Driving on after finishing the NC500 may seem to be an anti climax, but in this road trip there is no such thing. A planned meeting with Scottish Lotus owners is something to look forward to, and when the route leads you through the Cairngorms area using B-roads then driving fun is guaranteed.
Fortrose was left behind early in the morning since we had to cover over 300 km’s. While Loch Ness was almost on our route, we couldn’t let this chance to spot Nessie go by.
From there on a long drive on wet roads and some light rain to and through the Cairngorms was a truely great journey. This National Park is not very well known by tourists but deserves more attention. It’s twice the size of the Lake District and it has more mountains, forest paths, rivers, lochs, wildlife hotspots, friendly villages and distilleries than you can possibly imagine.
The lunch location at Dalmunzie Castle Hotel fitted the scenery perfectly, although to road that leads to the castle house had seen better days.

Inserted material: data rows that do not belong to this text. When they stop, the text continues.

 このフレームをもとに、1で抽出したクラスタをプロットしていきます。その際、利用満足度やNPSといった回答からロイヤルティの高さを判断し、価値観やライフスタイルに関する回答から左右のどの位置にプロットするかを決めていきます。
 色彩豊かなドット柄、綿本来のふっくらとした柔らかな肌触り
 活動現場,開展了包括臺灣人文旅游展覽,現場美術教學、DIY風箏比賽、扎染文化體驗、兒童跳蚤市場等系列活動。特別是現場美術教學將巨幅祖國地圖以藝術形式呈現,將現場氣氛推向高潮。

It understandably kept some Scottish Lotus owners from joining us for lunch, which had more to do with the condition of the road than with the driving skills of them.
The last part of todays route lead us from Dalmunzie to Kilmany; Jim Love of the Scottish chapter of Lotus Drivers Club took us there after Andrew Laing had pointed out that the statue that was erected for the commemoration of Jim Clark was quite close to our route.

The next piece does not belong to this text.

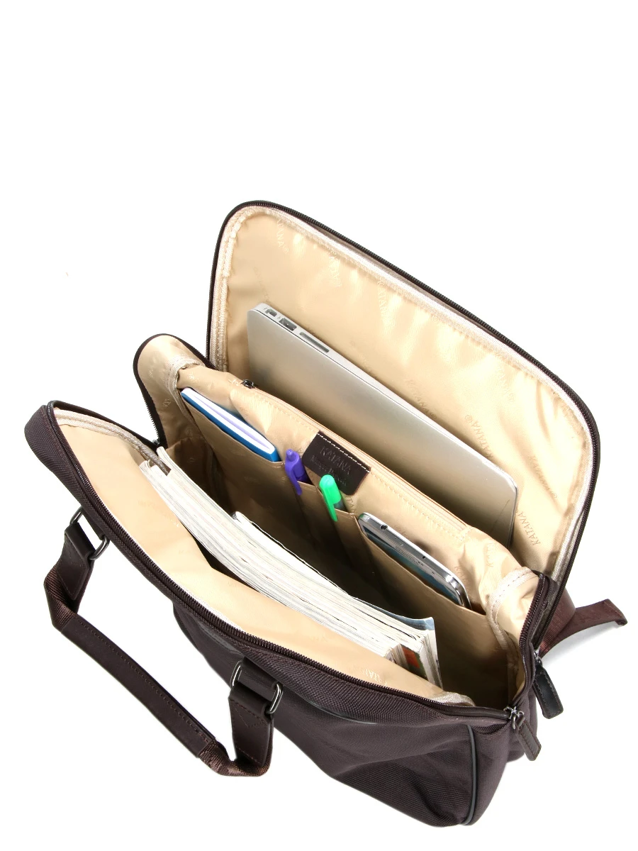 Le sac business Katana Urban Chic est doté de 2 grands compartiments doublés. Le premier permet d’accueillir un ordinateur 14 pouces avec aisance. Il est rembourré et assure à son usager une sécurité contre les chocs. Le second est notamment utile au rangement des téléphones (2 poches disponibles), des stylos dans des emplacements spécifiques, de quelques effets personnels dans une poche zippée et de quelques feuilles volantes si besoin. Les poches extérieures zippées peuvent être utilisées pour les affaires personnelles comme les pièces d’identité, paire d’écouteurs sans fil, petite bouteille d’eau et encas.
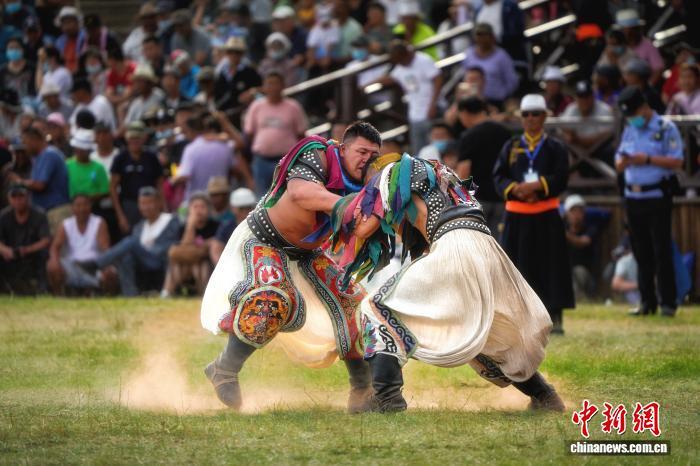 2024年8月,内蒙古呼伦贝尔,新巴尔虎右旗那达慕大会上的搏克手在赛场上激烈角逐。 田昊霖 摄

It was a quite, peaceful and beautiful moment to be able to stand next to this beautiful sculpted Scottish hero.
Evenings we were guests at the monthly meeting of Scottish Lotus drivers in Bo’ness Motor museum. Although we arrived after opening hours the privately owned museum stayed open so we were able to enjoy all memorabilia and cars. It holds a fantastic collection of over 25 classic cars including world famous tv and movie cars and props from James Bond, Harry Potter, the Saint and much more.
A must see when in the neighbourhood of Edinburgh.
This long day ended wonderful. Jim Love and Jim Grant – who owns two Elan’s, one of which he brought to the meeting – took us to Kinneil Estate to see the hill climb track of the famous Bo’ness hillclimb, still kept alive by Jim Grant who organises the annual Bo’ness Revival Hill Climb. Jim’s a great narrator and it was a real pleasure to hear first hand history and stories.
As a goodbye Jim Love took us to The Kelpies in Grangemouth near Bo’ness. Most impressive!
The Kelpies are 30-metre-high horse-head sculptures depicting kelpies. Kelpies name reflected the mythological transforming beasts possessing the strength and endurance of 10 horses; a quality that is analogous with the transformational change and endurance of Scotland’s inland waterways. The Kelpies represent the lineage of the heavy horse of Scottish industry and economy, pulling the wagons, ploughs, barges and coalships that shaped the geographical layout of the Falkirk area.
So, there is life after the NC500. This day was as grand as the others. A big thank you to Jim Love, Andrew Laing, Jim Grant and the Bo’ness Motor Museum.